Manusia dan keserakahan

Menurut Tjokrowinoto (1996), semua kesalahan ini tidak pernah diperhitungkan para pelaku ekonomi yang rakus. Keberhasilan paradigma pertumbuhan ekonomi dalam meningkatkan kesejahteraan kerap harus dicapai melalui pengorbanan (at the expense of) berupa deteriorasi ekologis baik yang berwujud menurunnya kesuburan tanah, penyusutan sumber daya alam yang tidak dapat diperbarui, maupun desertifikasi. Upaya mewujudkan masyarakat berkelimpahan (affluent society) ternyata harus disertai dengan pengorbanan yang membahayakan. Masyarakat kecil di dataran rendah harus menanggung amukan badai banjir lumpur akibat resapan yang sudah tidak lagi memadai.
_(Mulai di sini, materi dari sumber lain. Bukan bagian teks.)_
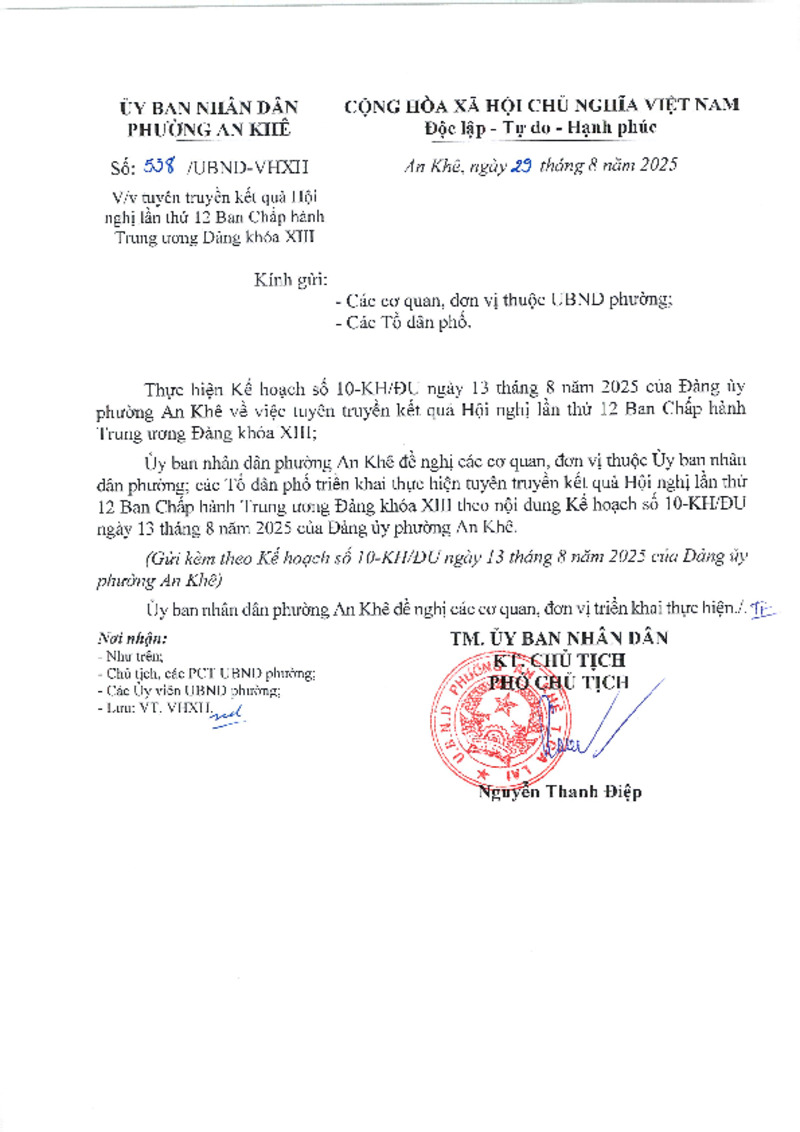 | Số hiệu | 538/UBND-PVHXH | Cơ quan ban hành | UBND phường An Khê |

Perkembangan kapitalisme yang semakin tidak tentu arah, terutama berkaitan dengan penyelamatan alam, membuat manusia terus berhadapan dengan berbagai problem lingkungan. Dari hari ke hari, gejala dan bentuk kerusakan alam semakin berkembang tidak terduga.

Andre Gorz (2002) dalam Ekologi dan Krisis Kapitalisme menyatakan, manusia sedang menghadapi situasi semakin meningkatnya kelangkaan sumber daya alam. Solusi dari krisis itu bukan pemulihan ekonomi, melainkan dengan pembalikan logika kapitalisme yang cenderung berorientasi pada penumpukan keuntungan (profit) untuk lebih seimbang antara kebutuhan dan aspek untuk mencapai kebutuhan itu sendiri.

Perkembangan kapitalisme yang semakin maju telah melahirkan krisis lingkungan serius karena konsep pembangunan lebih banyak diarahkan oleh logika-logika kapitalisme. Alam diperas untuk memenuhi kebutuhan hidup manusia yang tidak henti-hentinya menciptakan teknologi tak ramah lingkungan.
Karena itu, berbagai praktik pembangunan dan juga industrialisasi di negara kita hendaknya terus-menerus kita kritisi dari sudut proses dan dampak dari kebijakan tersebut.